Re: SPARK MLLib - How to tie back Model.predict output to original data?

2016-08-18 Thread janardhan shetty
There is a spark-ts package developed by Sandy which has rdd version.
Not sure about the dataframe roadmap.

http://sryza.github.io/spark-timeseries/0.3.0/index.html
On Aug 18, 2016 12:42 AM, "ayan guha"  wrote:

> Thanks a lot. I resolved it using an UDF.
>
> Qs: does spark support any time series model? Is there any roadmap to know
> when a feature will be roughly available?
> On 18 Aug 2016 16:46, "Yanbo Liang"  wrote:
>
>> If you want to tie them with other data, I think the best way is to use
>> DataFrame join operation on condition that they share an identity column.
>>
>> Thanks
>> Yanbo
>>
>> 2016-08-16 20:39 GMT-07:00 ayan guha :
>>
>>> Hi
>>>
>>> Thank you for your reply. Yes, I can get prediction and original
>>> features together. My question is how to tie them back to other parts of
>>> the data, which was not in LP.
>>>
>>> For example, I have a bunch of other dimensions which are not part of
>>> features or label.
>>>
>>> Sorry if this is a stupid question.
>>>
>>> On Wed, Aug 17, 2016 at 12:57 PM, Yanbo Liang 
>>> wrote:
>>>
 MLlib will keep the original dataset during transformation, it just
 append new columns to existing DataFrame. That is you can get both
 prediction value and original features from the output DataFrame of
 model.transform.

 Thanks
 Yanbo

 2016-08-16 17:48 GMT-07:00 ayan guha :

> Hi
>
> I have a dataset as follows:
>
> DF:
> amount:float
> date_read:date
> meter_number:string
>
> I am trying to predict future amount based on past 3 weeks consumption
> (and a heaps of weather data related to date).
>
> My Labelpoint looks like
>
> label (populated from DF.amount)
> features (populated from a bunch of other stuff)
>
> Model.predict output:
> label
> prediction
>
> Now, I am trying to put together this prediction value back to meter
> number and date_read from original DF?
>
> One way to assume order of records in DF and Model.predict will be
> exactly same and zip two RDDs. But any other (possibly better) solution?
>
> --
> Best Regards,
> Ayan Guha
>


>>>
>>>
>>> --
>>> Best Regards,
>>> Ayan Guha
>>>
>>
>>


Re: SPARK MLLib - How to tie back Model.predict output to original data?

2016-08-18 Thread ayan guha
Thanks a lot. I resolved it using an UDF.

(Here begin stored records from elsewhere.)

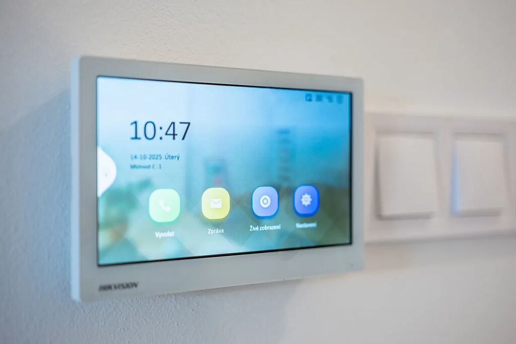 Dům nabízí také podlahové vytápění napojené na tepelné čerpadlo, plastová okna s trojskly a jednotný, příjemný design v tónu světlého dubu.
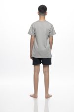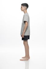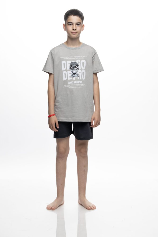 Aγορίστικη  παιδική πιτζάμα Galaxy, ιδανική για άνετο και ξεκούραστο ύπνο αλλά και για χαλαρές στιγμές μέσα στο σπίτι. Το σετ περιλαμβάνει κοντομάνικο t-shirt σε γκρι απόχρωση με μοντέρνο print “DEMIO DEMIO” και βερμούδα σε σκούρο γκρι χρώμα με ελαστική μέση για άψογη εφαρμογή. Η σύνθεση από 100% βαμβάκι εξασφαλίζει απαλότητα και δροσερή αίσθηση στο δέρμα, επιτρέποντας στο σώμα να αναπνέει και να παραμένει άνετο όλη τη διάρκεια της νύχτας. Η σύνθεση του είναι 100% Cotton.
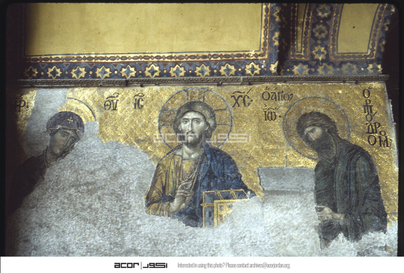 تفاصيل فسيفساء يسوع مع مريم العذراء ويوحنا المعمدان
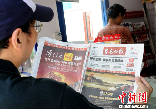福州市民關(guān)注伊春客機(jī)墜機(jī)事故相關(guān)報道
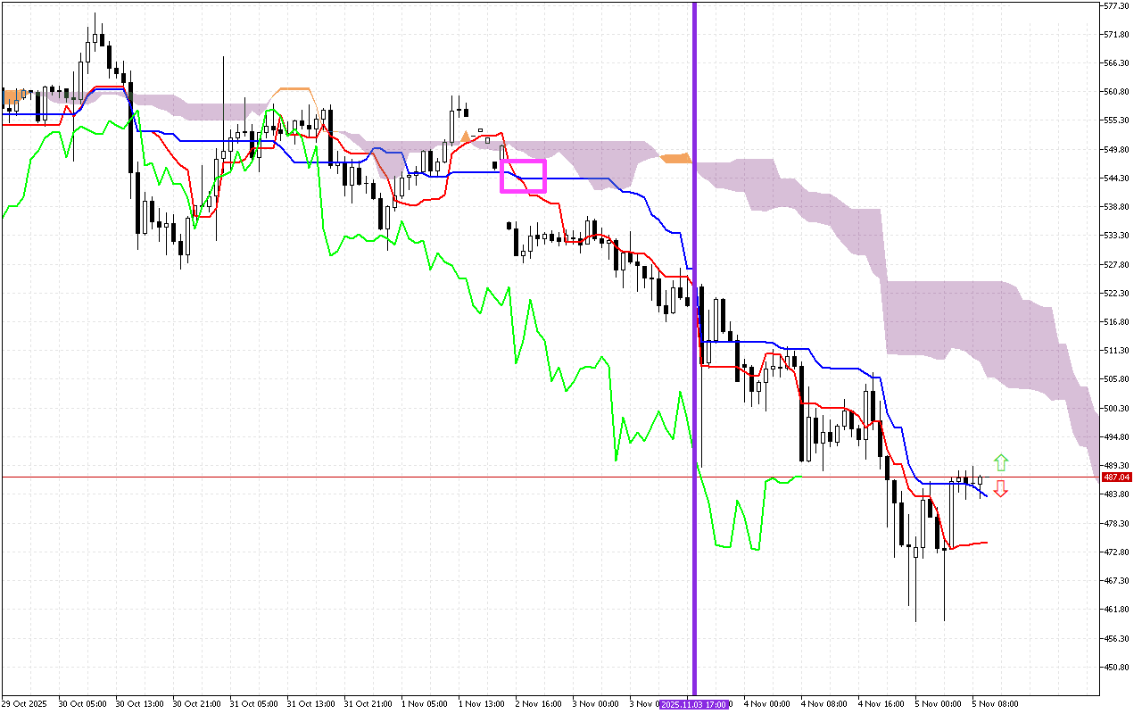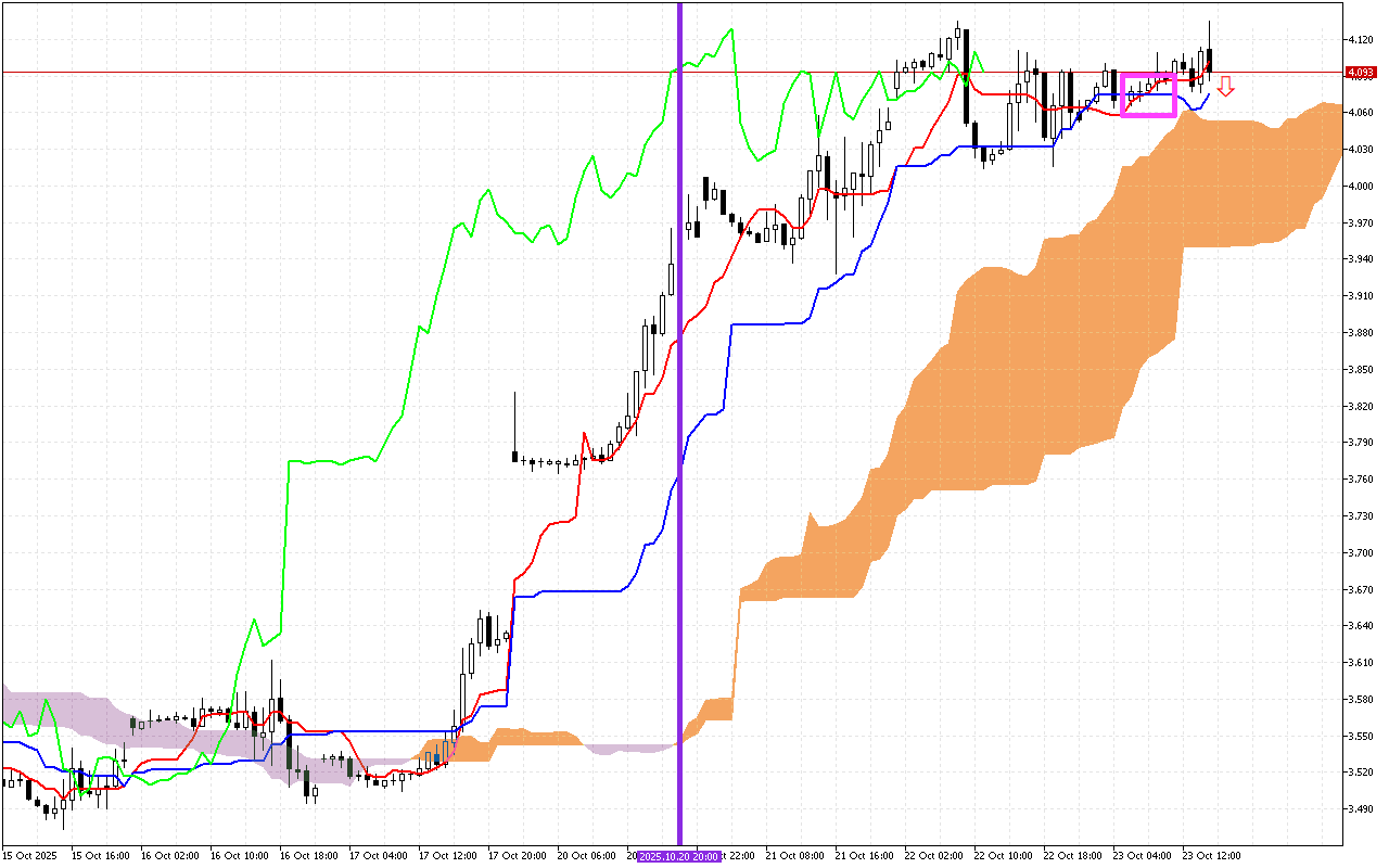 Το δεύτερο πιο σημαντικό σήμα είναι η αλλαγή κατεύθυνσης του νέφους Kumo, που σημειώνεται με μια κατακόρυφη μωβ γραμμή. Μια αλλαγή στο χρώμα του σύννεφου σε λιλά υποδηλώνει μια μετάβαση της κατεύθυνσης προτεραιότητας της κίνησης προς τα κάτω.
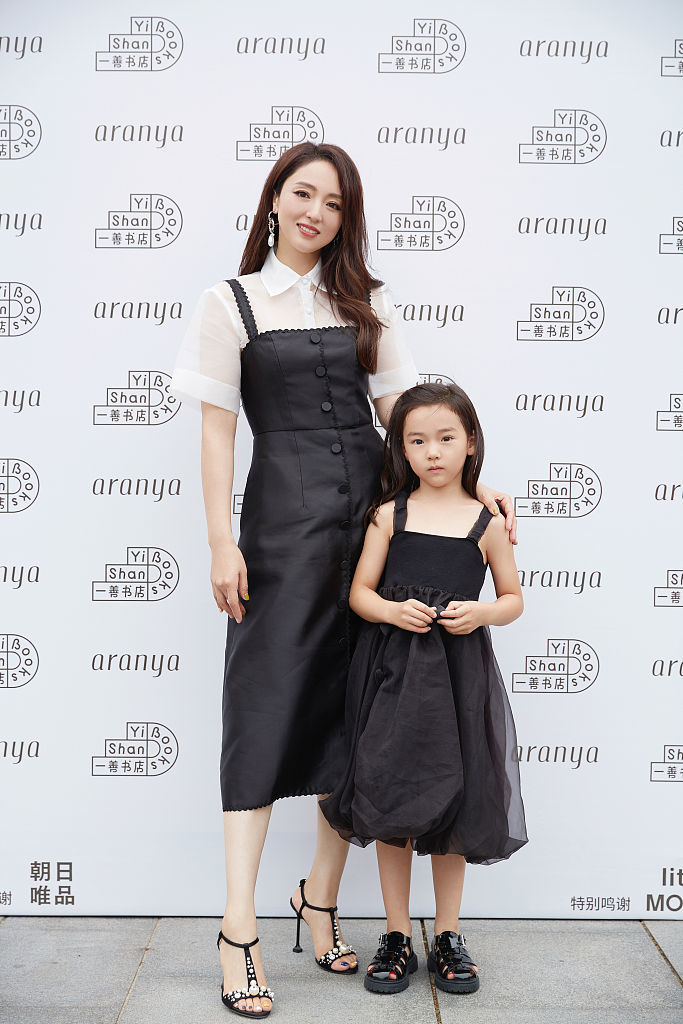 董璇带女儿穿亲子装出席活动 6岁小酒窝公主范十足
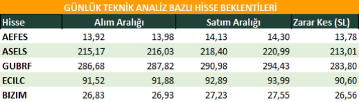 Günlük Teknik Analiz Bazlı Hisse Beklentileri
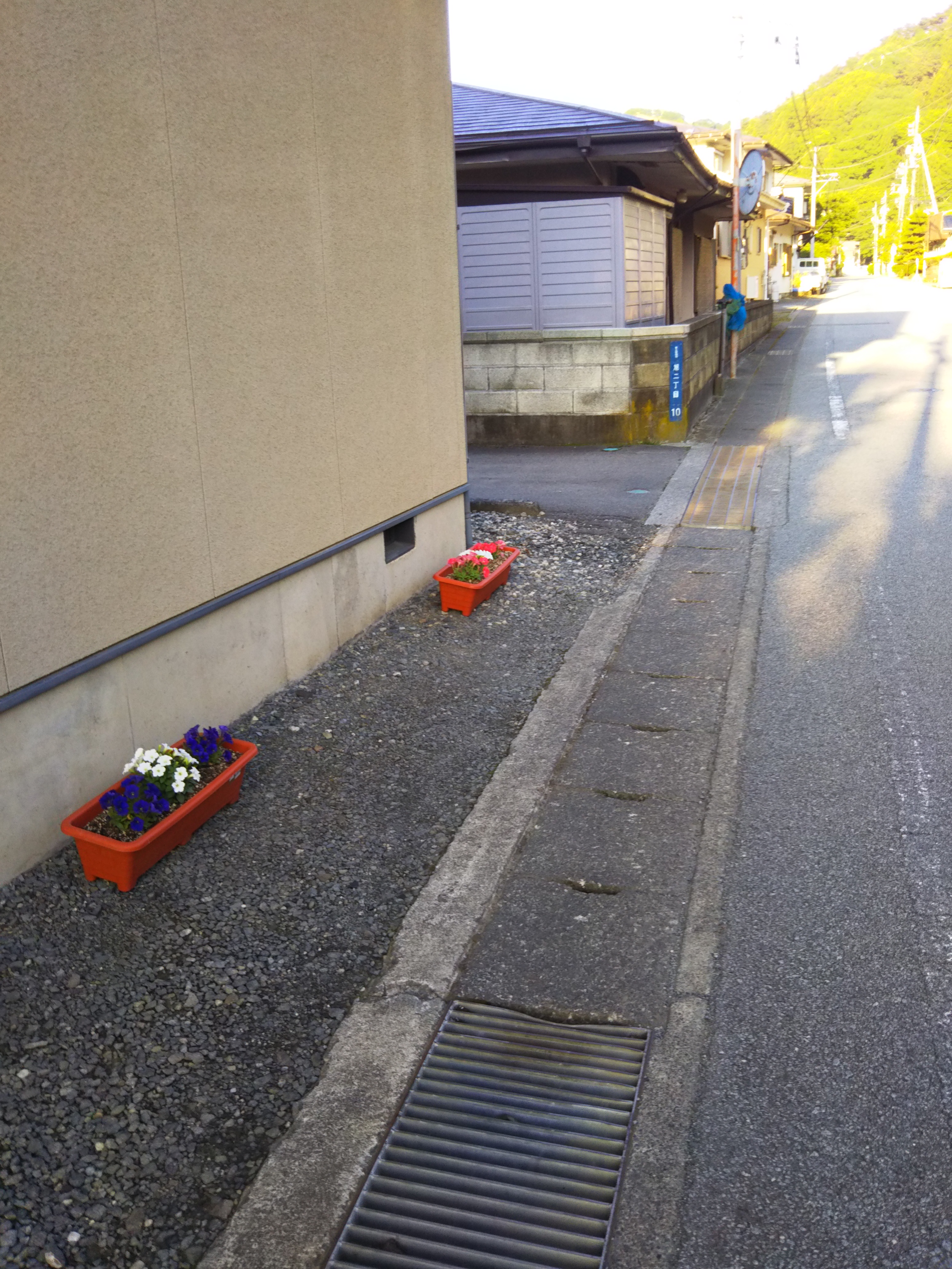 つるやうどん・旭会館の通りの両脇の家の前道路にプランターがおいてありました。

Qs: does spark support any time series model? Is there any roadmap to know
when a feature will be roughly available?
On 18 Aug 2016 16:46, "Yanbo Liang"  wrote:

> If you want to tie them with other data, I think the best way is to use
> DataFrame join operation on condition that they share an identity column.
>
> Thanks
> Yanbo
>
> 2016-08-16 20:39 GMT-07:00 ayan guha :
>
>> Hi
>>
>> Thank you for your reply. Yes, I can get prediction and original features
>> together. My question is how to tie them back to other parts of the data,
>> which was not in LP.
>>
>> For example, I have a bunch of other dimensions which are not part of
>> features or label.
>>
>> Sorry if this is a stupid question.
>>
>> On Wed, Aug 17, 2016 at 12:57 PM, Yanbo Liang  wrote:
>>
>>> MLlib will keep the original dataset during transformation, it just
>>> append new columns to existing DataFrame. That is you can get both
>>> prediction value and original features from the output DataFrame of
>>> model.transform.
>>>
>>> Thanks
>>> Yanbo
>>>
>>> 2016-08-16 17:48 GMT-07:00 ayan guha :
>>>
 Hi

 I have a dataset as follows:

 DF:
 amount:float
 date_read:date
 meter_number:string

 I am trying to predict future amount based on past 3 weeks consumption
 (and a heaps of weather data related to date).

 My Labelpoint looks like

 label (populated from DF.amount)
 features (populated from a bunch of other stuff)

 Model.predict output:
 label
 prediction

 Now, I am trying to put together this prediction value back to meter
 number and date_read from original DF?

 One way to assume order of records in DF and Model.predict will be
 exactly same and zip two RDDs. But any other (possibly better) solution?

 --
 Best Regards,
 Ayan Guha

>>>
>>>
>>
>>
>> --
>> Best Regards,
>> Ayan Guha
>>
>
>


Re: SPARK MLLib - How to tie back Model.predict output to original data?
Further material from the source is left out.